Removing `^` from `s/^/1/;` causes my code to fail. Why?

I've been working on this problem over at the code golf exchange which is why my code looks so funny.
Here's a program with use strict and use warnings that recreates the problem:
use strict;
use warnings;
$_ = "";
for my $i (1..33){
s//1/; # Just prepends 1 to the string $_
}
print "$_\n";
for my $i (34..127) {
if( chr(y/1/1/) !~ /[!"'()*+,-.\/12357:;<=>?CEFGHIJKLMNSTUVWXYZ[\\\]^_`cfhijklmnrstuvwxyz{|}~]/ ) {
print chr y/1/1/;
}
s/^/1/; # Prepends 1 to the start of the string.
}
Here is the output:
111111111111111111111111111111111
#$%&04689#ABDOPQRabdegopq
This works as I would expect. However, when I take ^ out of the second regex, the regex no longer matches and lengthens the string.
use strict;
use warnings;
$_ = "";
for my $i (1..33){
s//1/;
}
print "$_\n";
for my $i (34..127) {
if( chr(y/1/1/) !~ /[!"'()*+,-.\/12357:;<=>?CEFGHIJKLMNSTUVWXYZ[\\\]^_`cfhijklmnrstuvwxyz{|}~]/ ) {
print chr y/1/1/;
}
s//1/; # No Longer matches!
}
Why does this happen? s//1/ works in the first loop, so why does changing it in the second one break everything?

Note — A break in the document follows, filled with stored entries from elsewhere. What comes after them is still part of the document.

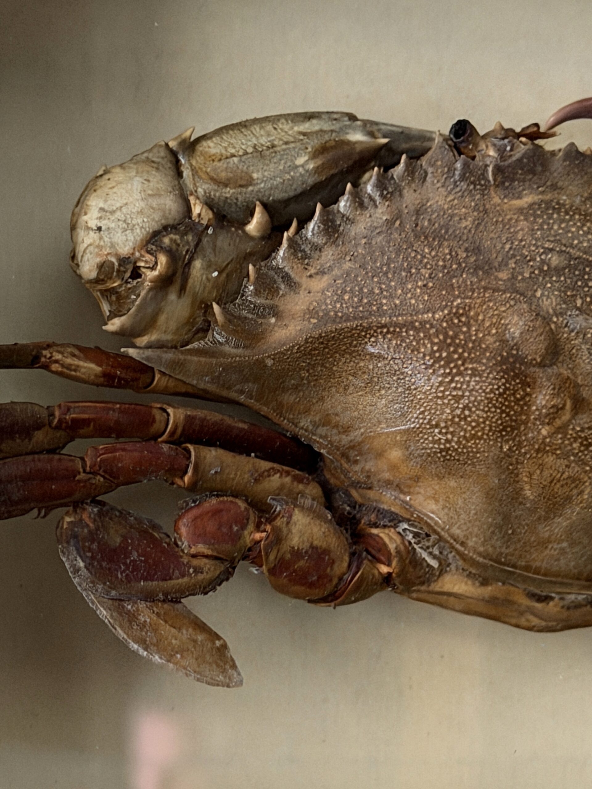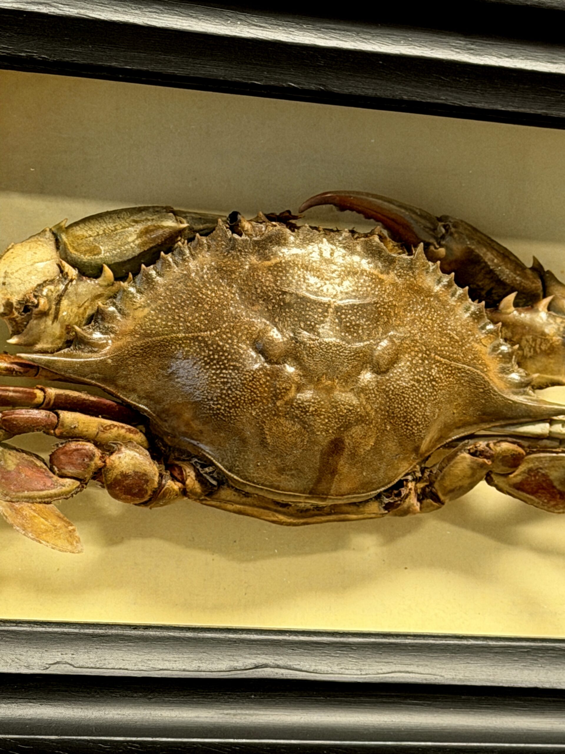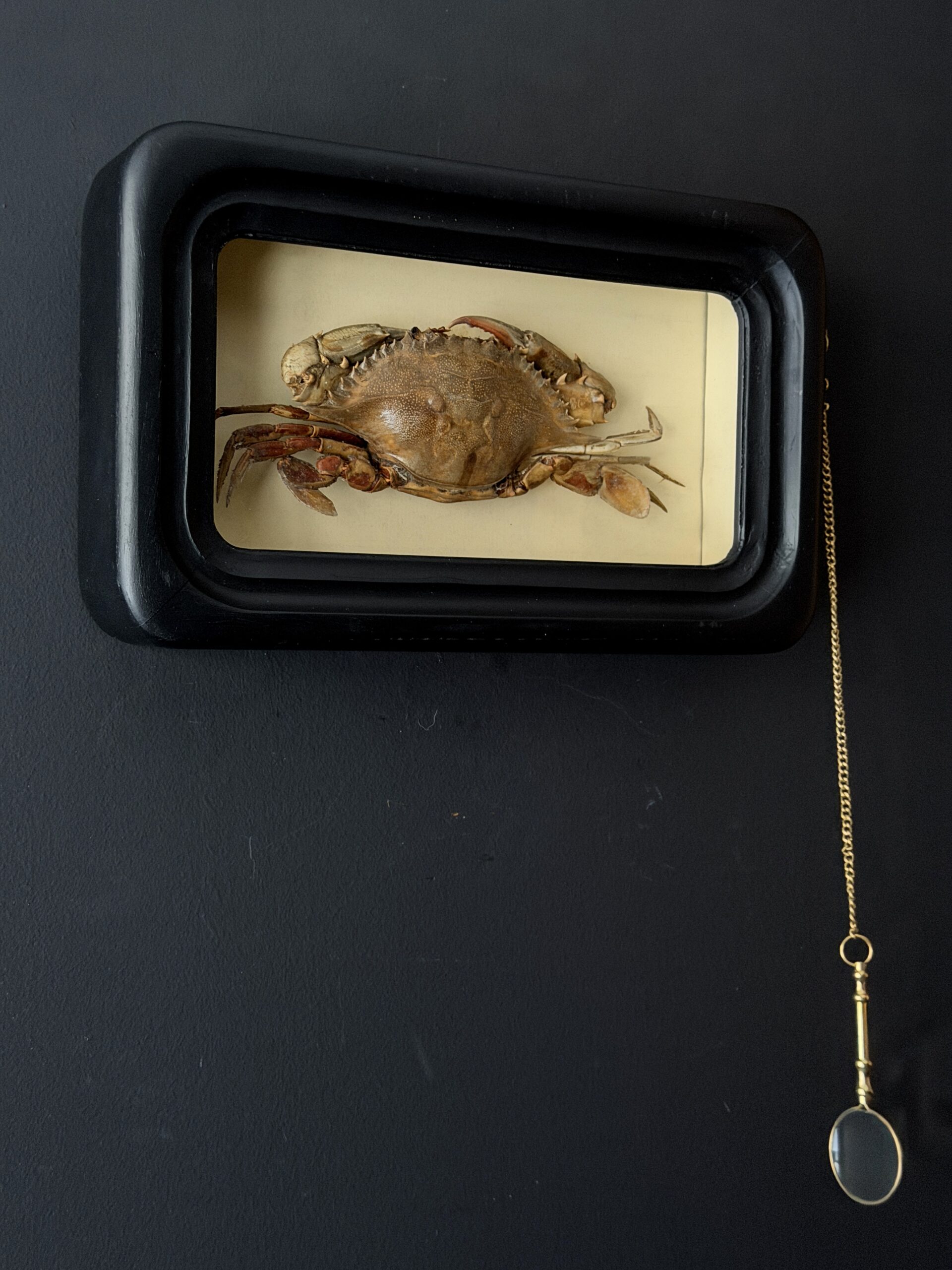 Es wird in einem Beobachtungsrahmen mit integrierter Lupe präsentiert, wodurch die fein detaillierte Schale, die Struktur der Beine und die komplizierten Muster des Panzers aus nächster Nähe betrachtet werden können. Eine einzigartige Möglichkeit, die Anatomie eines Krustentiers zu erkunden, das auf Geschwindigkeit und Präzision ausgelegt ist.
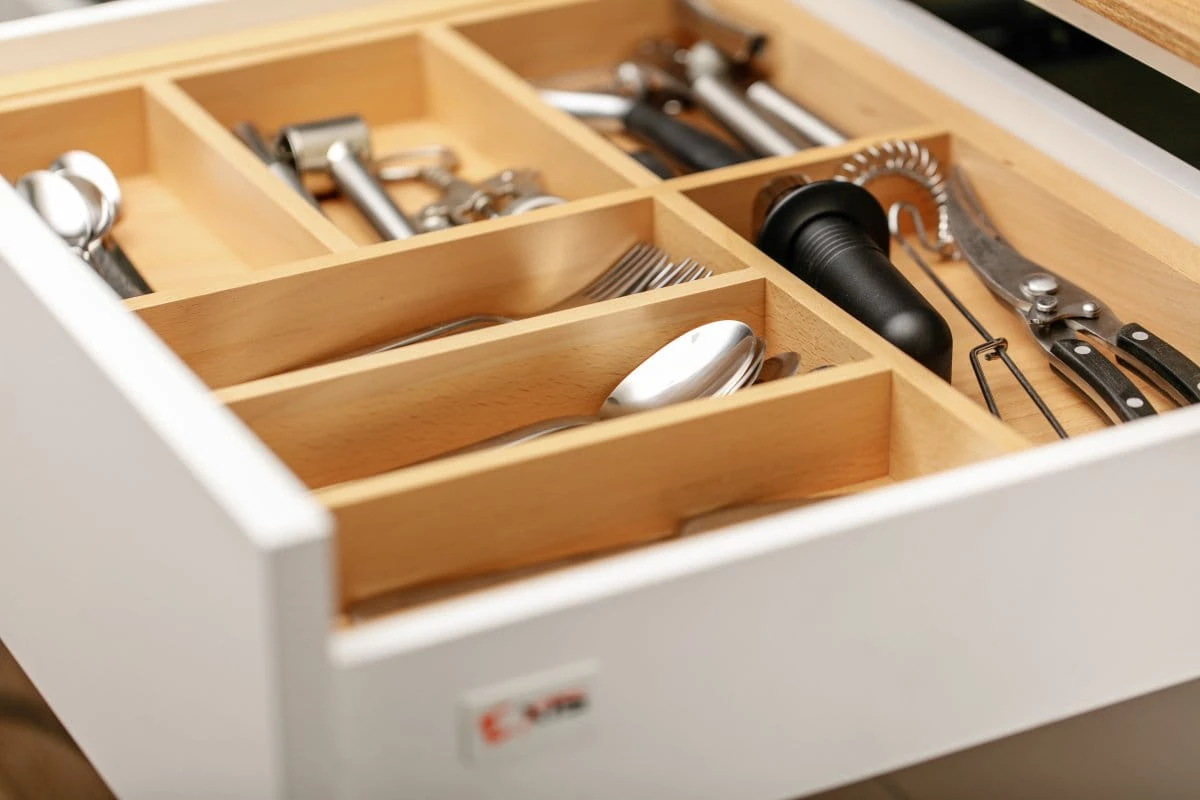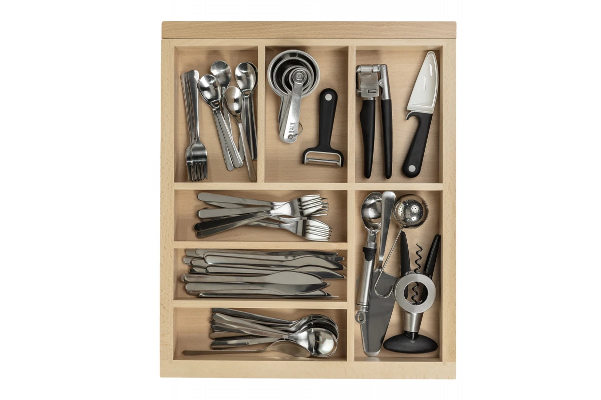 Organizery to obowiązkowy element wyposażenia szuflad nowoczesnych mebli – dzięki nim są one funkcjonalnie zagospodarowane, uporządkowane oraz wygodne w użytkowaniu. Seria wkładów CUSTOMI marki GTV przeznaczona jest do systemu szuflad MODERN BOX i AXIS PRO – stanowi ich funkcjonalne dopełnienie i praktyczną ozdobę. Wkłady CUSTOMI zostały wyprodukowane z wysokogatunkowego drewna bukowego, co wpływa na ponadczasowy styl tej kolekcji. Drewno, ze względu na swój uniwersalny charakter, będzie pięknie komponowało się z każdą zabudową kuchenną. Co więcej organizery wykończono matowym lakierem, który zapewnia dodatkową ochronę przed uszkodzeniami, a także podkreśla i wydobywa ciepły kolor drewna bukowego.
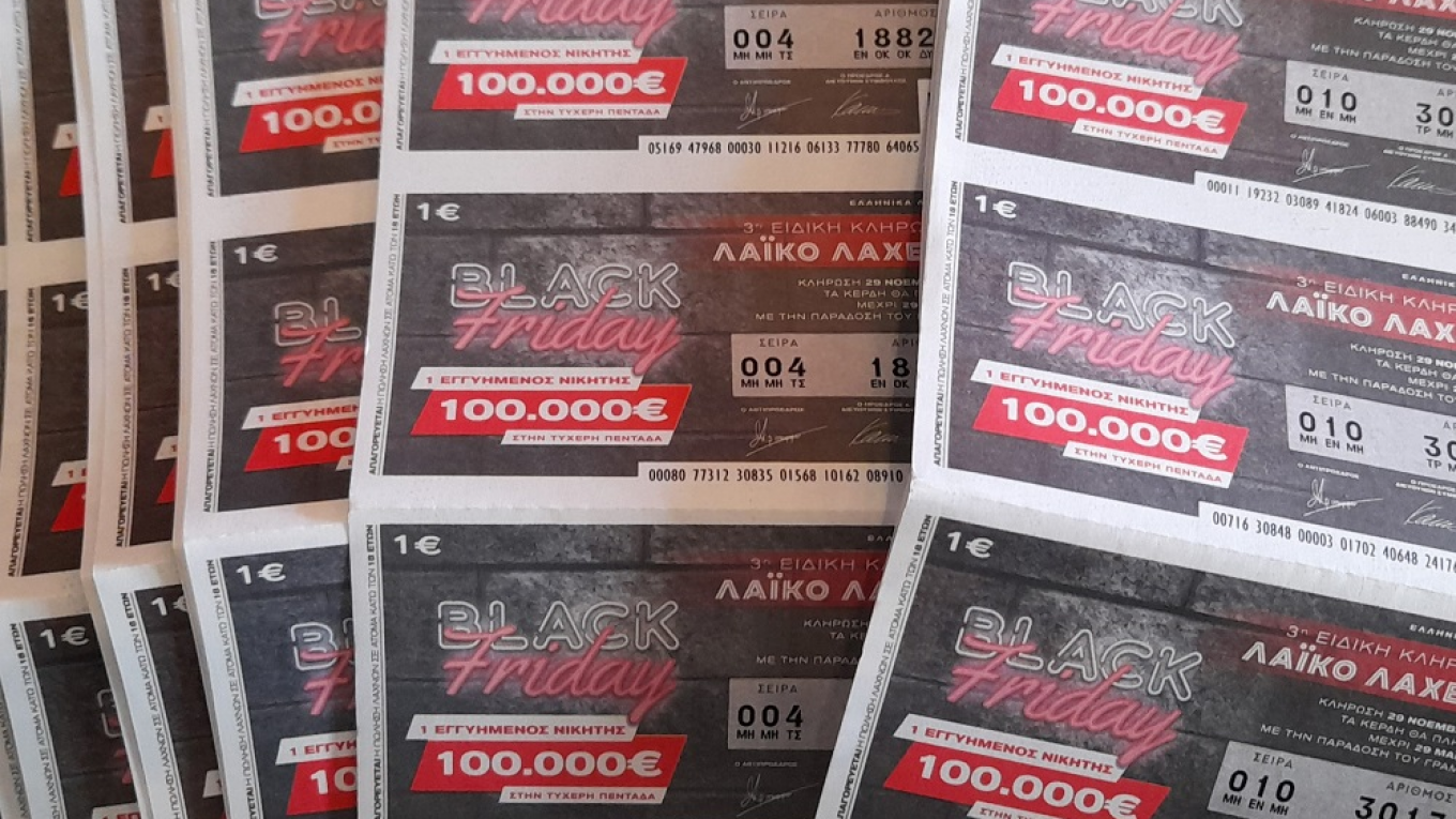 Σε ρυθμό Black Friday κινείται το Λαϊκό Λαχείο, με την ειδική κλήρωση του ιστορικού παιχνιδιού να μοιράζει εγγυημένα 100.000 ευρώ την Παρασκευή 29 Νοεμβρίου.
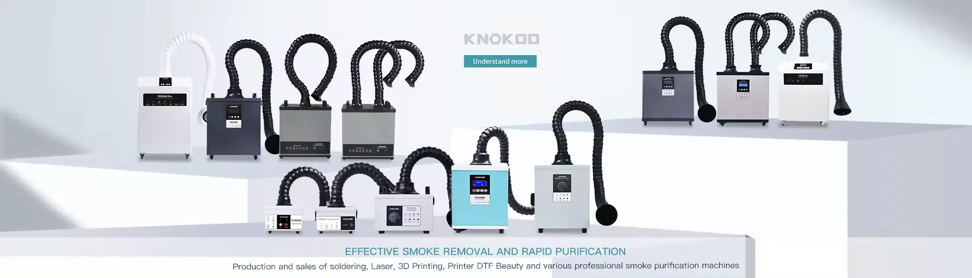 KNOKOO used DC motor, less power consumption, lowe noise, smoke filtered and discharged into the air, in line with the requirements of environmental impact assessment.The power is 87.5% larger than the 80W machine on the market, the suction power is greater, the noise is not increased, and the smoke absorption and purification effect is more better.
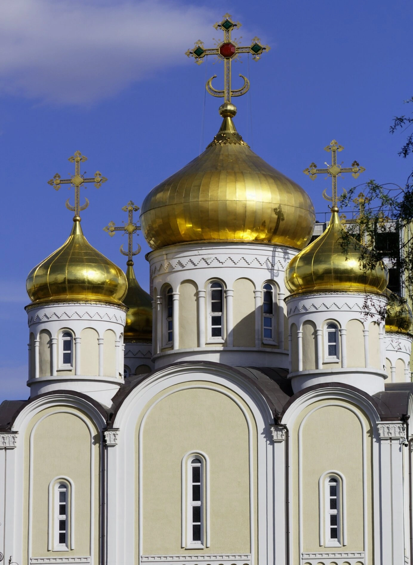 Белоснежные стены церкви устремляются ввысь, увенчанные златыми куполами, сияющими под небосводом. На главном из них, символизирующем Господа Иисуса Христа, установлен благодатный крест. Ярусная колокольня гармонично завершает архитектурный ансамбль, придавая ему законченный и стройный вид.

For an additional point of confusion, if you put the if block in braces, the regex matches again:
for my $i (34..127) {
{
if( chr(y/1/1/) !~ /[!"'()*+,-.\/12357:;<=>?CEFGHIJKLMNSTUVWXYZ[\\\]^_`cfhijklmnrstuvwxyz{|}~]/ ) {
print chr y/1/1/;
}
}
s//1/; # This prepends 1 to the string $_ again.
}
edit:
I wanted to edit my original code back into the question for reference:
use strict;
use warnings;
$_="";
until( y/1/1/ > 32){
print "test1";
s//1/;
print "test";
}
print "$_\n";
until( y/1/1/ > 125+1 ) {
if( chr(y/1/1/) !~ /[!"'()*+,-.\/12357:;<=>?CEFGHIJKLMNSTUVWXYZ[\\\]^_`cfhijklmnrstuvwxyz{|}~]/ ) {
print chr y/1/1/;
}
s/^/1/; # this is the line we remove ^ from
}
When we remove ^ from the line, the output changes from:
test1testtest1testtest1testtest1testtest1testtest1testtest1testtest1testtest1testtest1testtest1testtest1testtest1testtest1testtest1testtest1testtest1testtest1testtest1testtest1testtest1testtest1testtest1testtest1testtest1testtest1testtest1testtest1testtest1testtest1testtest1testtest1testtest1test111111111111111111111111111111111
#$%&04689#ABDOPQRabdegopq
to
hanging with no output
So in this case, the line change in the second loop changes the behavior of the first one it seems.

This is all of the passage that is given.